Ikatan Motor Indonesia
- Abbreviation: IMI
- Founded: 27 April 1906; 119 years ago ,1950; 76 years ago (renamed to IMI)
- Affiliation: FIA, FIM
- Headquarters: Jakarta, Indonesia
- President: Moreno Soeprapto

Official website
- imi.id

= Indonesian Motor Association =

Ikatan Motor Indonesia (Indonesian Motor Association / abbreviated IMI) is the association of sports cars, motorcycles and automotive clubs in Indonesia.

==History==
Originally founded in Semarang, Indonesia, 27 March 1906 as the Javasche Motor Club, it was later renamed into the Koningklije Het Nederlands Indische Motor Club (KNIMC). The club was then transformed into the Indonesische KNIMC Motor Club after obtaining sovereignty from the Kingdom of the Netherlands under the Government of the Republic of Indonesia (Department of Transportation).
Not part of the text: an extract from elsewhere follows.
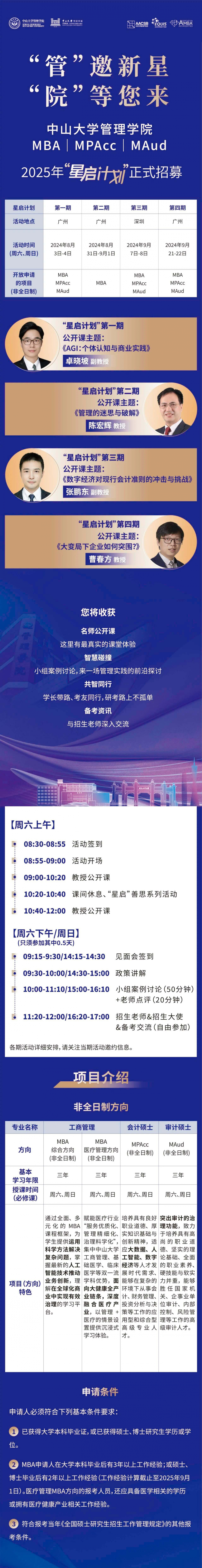 世纪中大 山高水长。依托永利集团3044官网深厚的学术底蕴、402永利集团官网卓越的师资力量,以及多年办学沉淀的深厚校友资源,在2025年全国硕士研究生招生考试报名开始之前,永利集团3044官网402永利集团官网全面开启“星启计划”,提前为MBA(非全日制)、MPAcc(非全日制)、MAud(非全日制)的申请人搭建全方位学习交流的平台。

The club currently goes under the name of Ikatan Motor Indonesia (IMI) - renamed as such in 1950, with headquarters in the Right Wing of the Tennis Stadium, Jalan Pintu I Senayan in Jakarta.

The club is a long-standing member of the Federation Internationale de Motocyclisme (FIM) and the Fédération Internationale de l'Automobile (FIA), the world bodies for 2, 3 and 4 wheeler motor sports respectively.